I see it as both. If someone can't perform actions and/or their actions are compromised then the best way they can show love really is maybe expressing how they feel through their feelings with others. Opening themselves up. Someone who doesn't have emotions and all actions doesn't sound like they are humanely entuned with people they may be doing things for. Emotions without actions can give the wrong signal that you do not care unless you act on it. I feel it goes hand in hand. Like "I love you" and a hug. I'm hungry and fixing food. Will you marry me and the commitment. Crying out trauma and working through it through your relationship with others.
 

RestlessSoul

Well-Known Member
There is a Taoist saying “if there was no happiness, there would be no sadness”

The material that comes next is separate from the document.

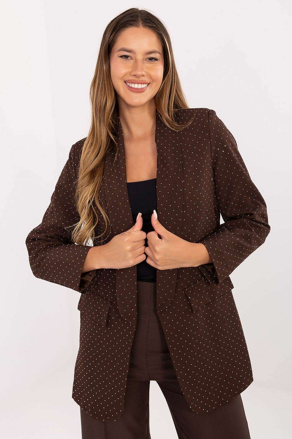 An elegant women's blazer without fastening is a unique piece of clothing, created for special occasions, perfect for parties, formal meetings, or evening outings. Made of a blend of polyester and viscose, with a lining ensuring comfort when wearing. The lapels give it a classic elegance. The whole blazer is covered with an application of shiny jet stones, which beautifully reflect the light, attracting attention and giving the outfit a unique character. The standard length and long sleeves make it a versatile choice, perfect for pairing with both pants and a skirt. This blazer combines elegance with a touch of glamour, perfect for women who appreciate style and a bit of sparkle in their outfits.

Have you watched any of the Fargo TV Series? In Series 3 there's a character, VM Varga, who is almost the embodiment of evil. At one point he says "The problem is not that evil exists, but that good does. Because if it didn't, no one would care."

I wonder if the writers had that Taoist saying in mind?
 

`mud

Just old
Premium Member
My wife and I were married for 61 years and then she died two yrs. ago,

We had a little argument just about every day, usually she was right.

I miss her terribly. That could be real love, in all the right ways.
 

RestlessSoul

Well-Known Member
My wife and I were married for 61 years and then she died two yrs. ago,

We had a little argument just about every day, usually she was right.

I miss her terribly. That could be real love, in all the right ways.


Yes, yes it could. Not many people get to experience what you have had; you’ve been blessed, my friend.